**Directions:** Would you return exactly the lines below from the line with "Гонзало Игуаин и" through the line with "mit liebevollen Illustrationen.", both included, and nothing else, leaving out the pictures?

**Data:**
-- Opening Marker --
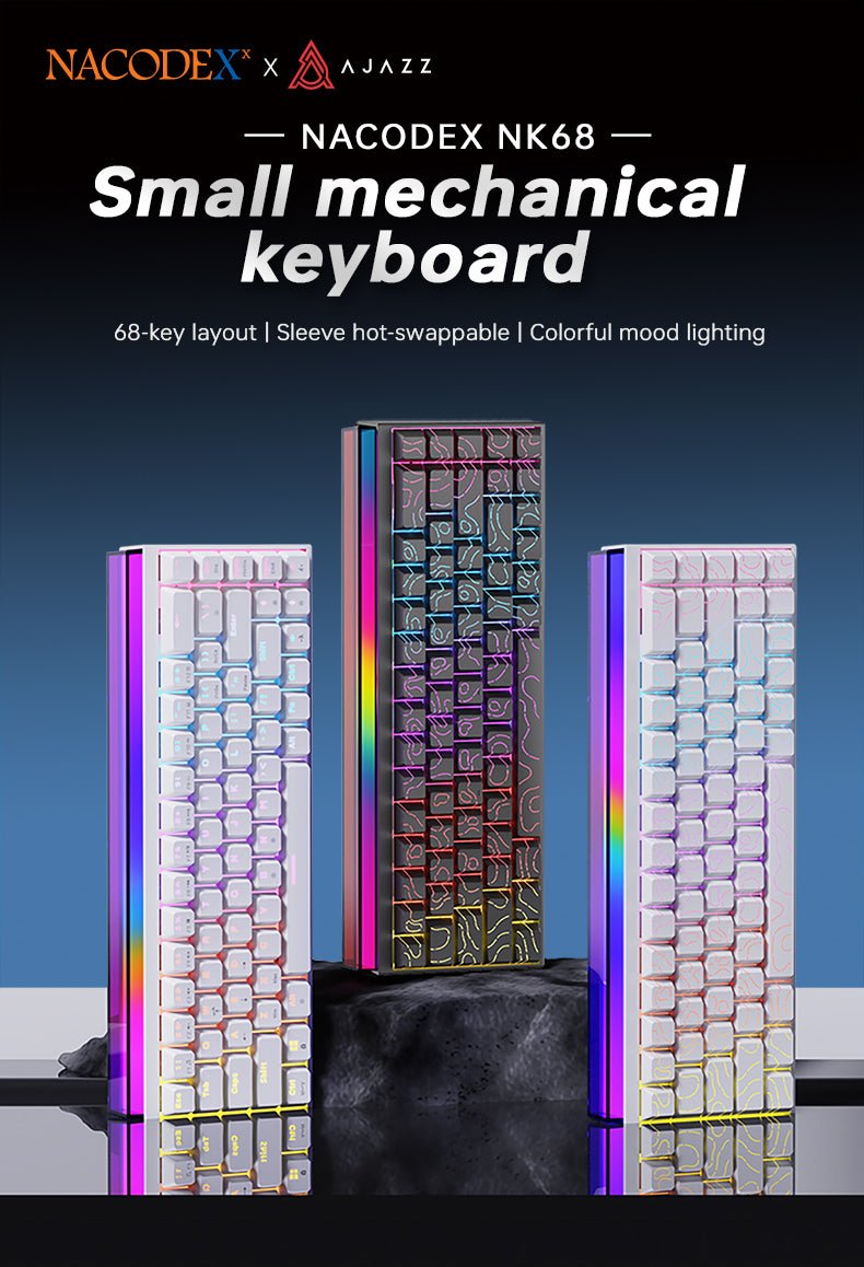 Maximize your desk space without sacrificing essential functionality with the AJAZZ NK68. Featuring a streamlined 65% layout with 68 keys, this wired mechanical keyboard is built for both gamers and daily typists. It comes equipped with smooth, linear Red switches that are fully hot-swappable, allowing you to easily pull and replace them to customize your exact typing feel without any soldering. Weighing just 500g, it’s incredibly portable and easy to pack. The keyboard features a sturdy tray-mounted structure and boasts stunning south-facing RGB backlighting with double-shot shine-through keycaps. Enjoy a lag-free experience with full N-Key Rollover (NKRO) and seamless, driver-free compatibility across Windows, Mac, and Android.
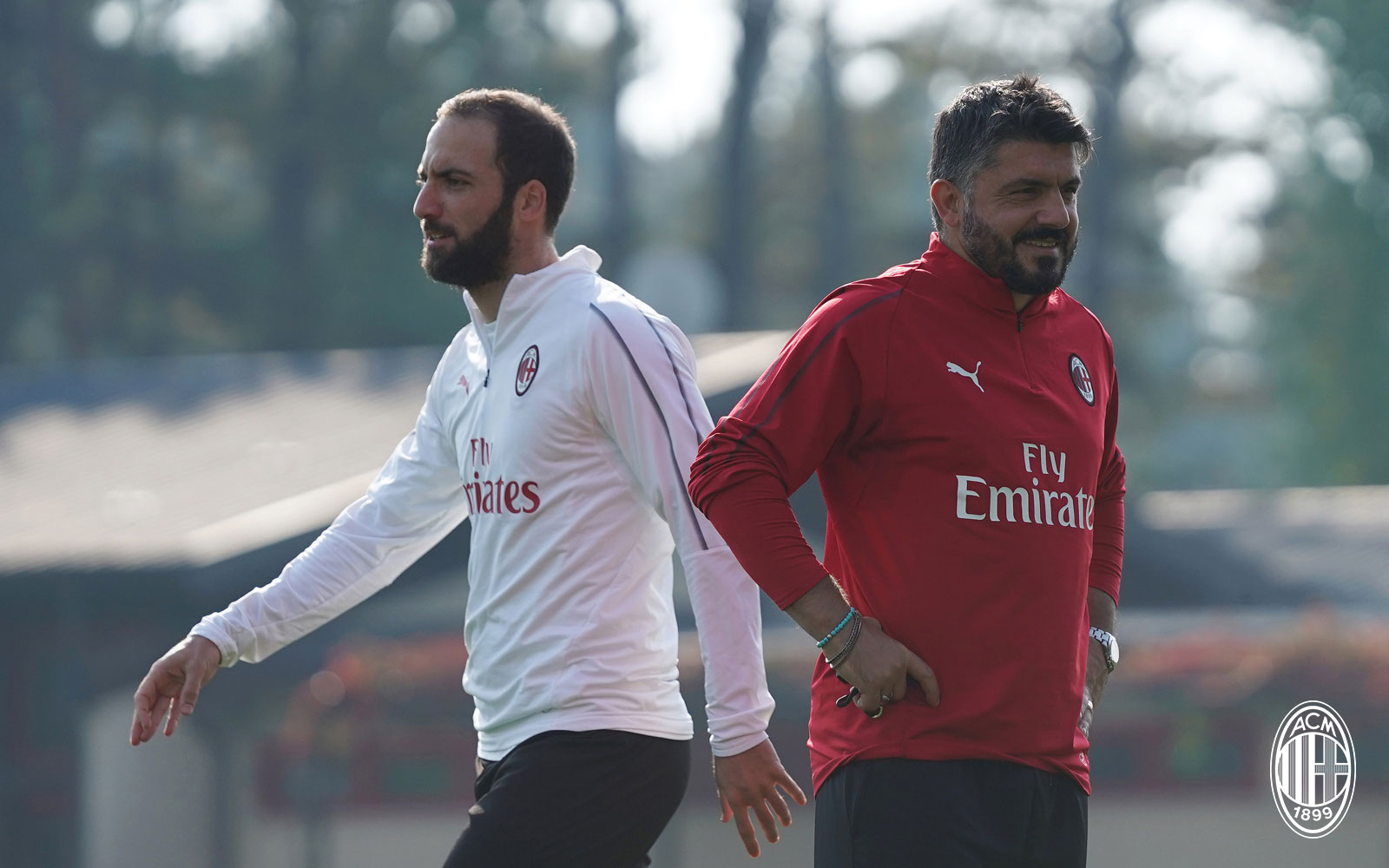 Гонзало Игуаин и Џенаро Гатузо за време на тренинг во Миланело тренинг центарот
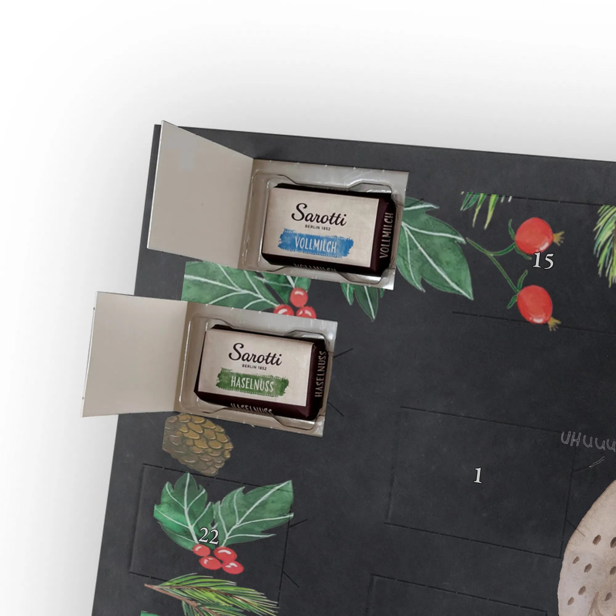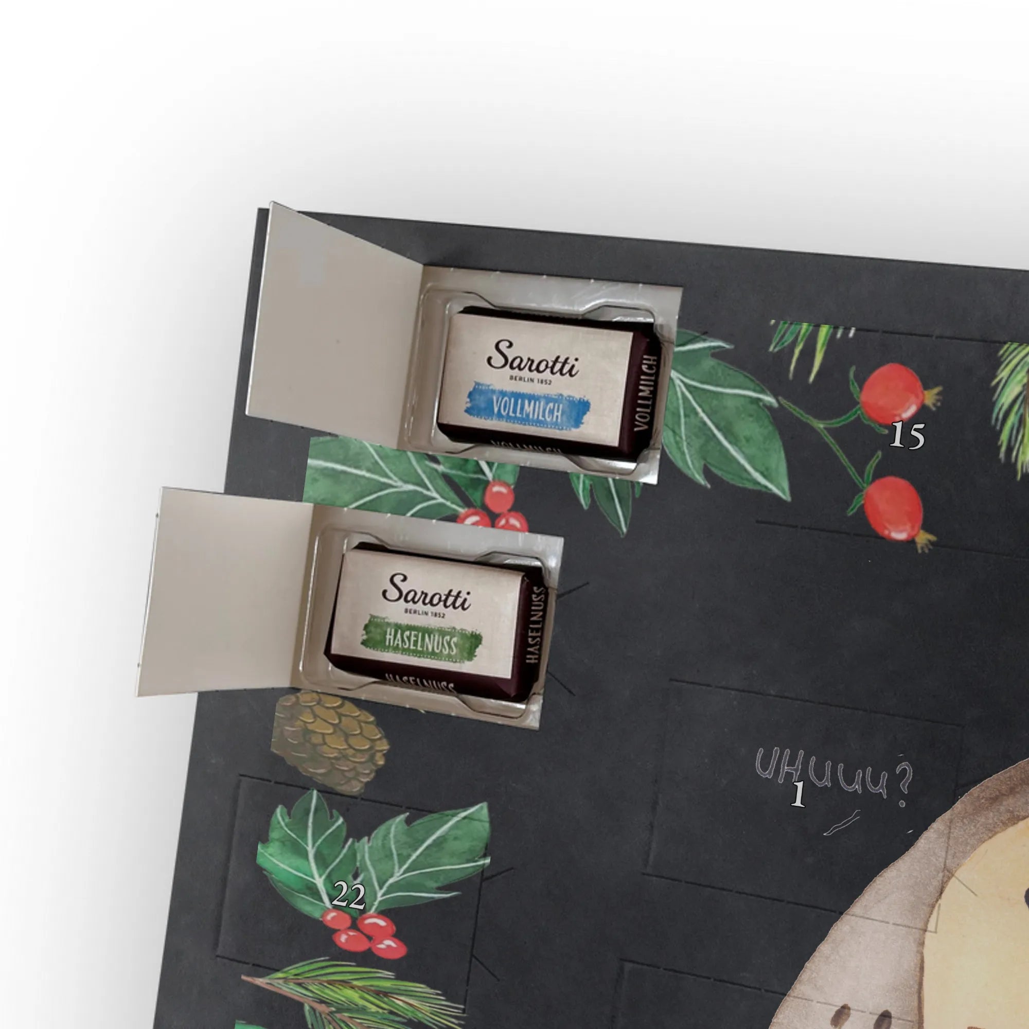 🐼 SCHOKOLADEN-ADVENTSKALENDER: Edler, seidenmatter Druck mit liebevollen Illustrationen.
-- Closing Marker --
-- Opening Marker --
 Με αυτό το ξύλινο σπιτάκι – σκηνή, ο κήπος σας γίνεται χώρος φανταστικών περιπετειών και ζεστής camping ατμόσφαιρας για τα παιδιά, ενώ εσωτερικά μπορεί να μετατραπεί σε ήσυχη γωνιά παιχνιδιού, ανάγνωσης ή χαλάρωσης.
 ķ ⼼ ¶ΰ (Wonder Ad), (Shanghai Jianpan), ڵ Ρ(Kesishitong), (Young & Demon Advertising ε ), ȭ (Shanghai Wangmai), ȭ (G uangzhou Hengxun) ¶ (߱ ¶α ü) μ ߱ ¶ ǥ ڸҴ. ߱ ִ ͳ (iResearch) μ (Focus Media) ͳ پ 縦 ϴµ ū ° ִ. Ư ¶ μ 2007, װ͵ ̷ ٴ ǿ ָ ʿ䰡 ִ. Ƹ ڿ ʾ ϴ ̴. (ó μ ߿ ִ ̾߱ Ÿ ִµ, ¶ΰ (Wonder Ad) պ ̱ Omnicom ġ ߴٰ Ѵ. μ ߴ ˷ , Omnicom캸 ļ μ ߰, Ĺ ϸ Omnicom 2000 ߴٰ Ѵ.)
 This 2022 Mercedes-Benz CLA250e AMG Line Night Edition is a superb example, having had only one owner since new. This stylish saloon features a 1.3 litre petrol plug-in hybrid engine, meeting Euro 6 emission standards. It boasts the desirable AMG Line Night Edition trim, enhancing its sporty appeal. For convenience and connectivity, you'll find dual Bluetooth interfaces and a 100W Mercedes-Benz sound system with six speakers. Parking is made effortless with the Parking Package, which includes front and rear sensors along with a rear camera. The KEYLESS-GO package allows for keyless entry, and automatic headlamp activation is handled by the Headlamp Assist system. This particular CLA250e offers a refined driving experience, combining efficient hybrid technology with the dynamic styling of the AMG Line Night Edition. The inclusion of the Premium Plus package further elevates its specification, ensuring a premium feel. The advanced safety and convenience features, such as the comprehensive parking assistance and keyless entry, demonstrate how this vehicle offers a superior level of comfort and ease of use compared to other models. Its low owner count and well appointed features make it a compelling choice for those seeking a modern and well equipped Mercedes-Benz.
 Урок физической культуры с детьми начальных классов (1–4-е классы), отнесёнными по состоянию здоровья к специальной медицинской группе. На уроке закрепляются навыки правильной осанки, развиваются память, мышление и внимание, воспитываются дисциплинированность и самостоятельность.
-- Closing Marker --
-- Opening Marker --
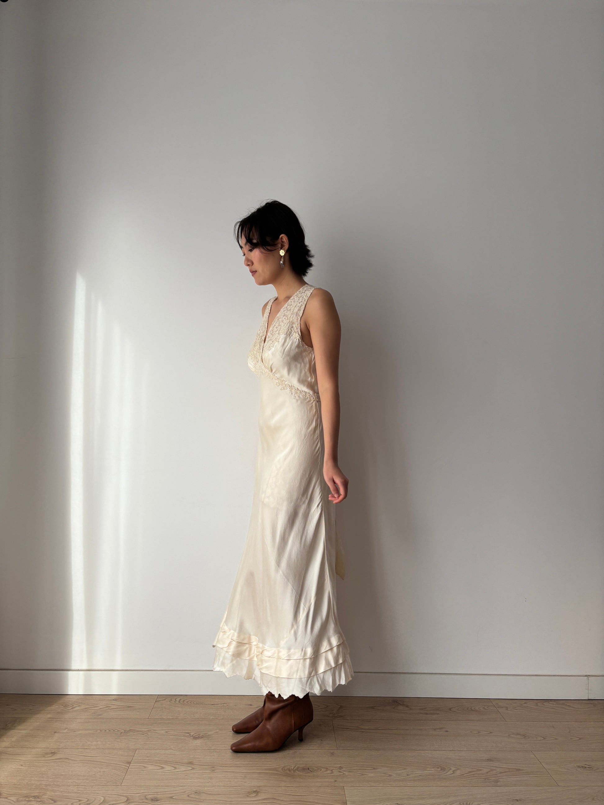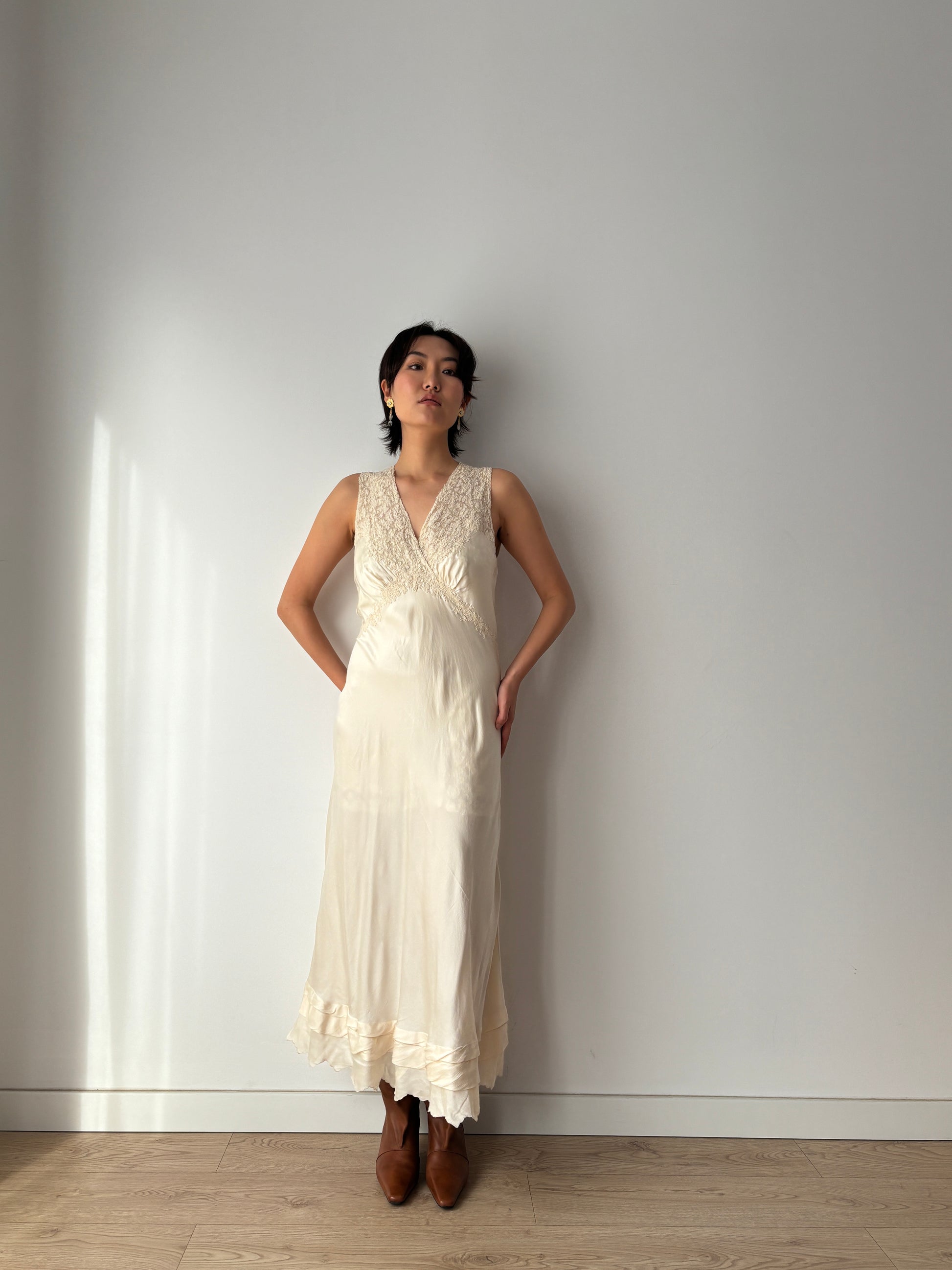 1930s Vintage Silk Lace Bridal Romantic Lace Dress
-- Closing Marker --
**Task answer:**
 Гонзало Игуаин и Џенаро Гатузо за време на тренинг во Миланело тренинг центарот
 🐼 SCHOKOLADEN-ADVENTSKALENDER: Edler, seidenmatter Druck mit liebevollen Illustrationen.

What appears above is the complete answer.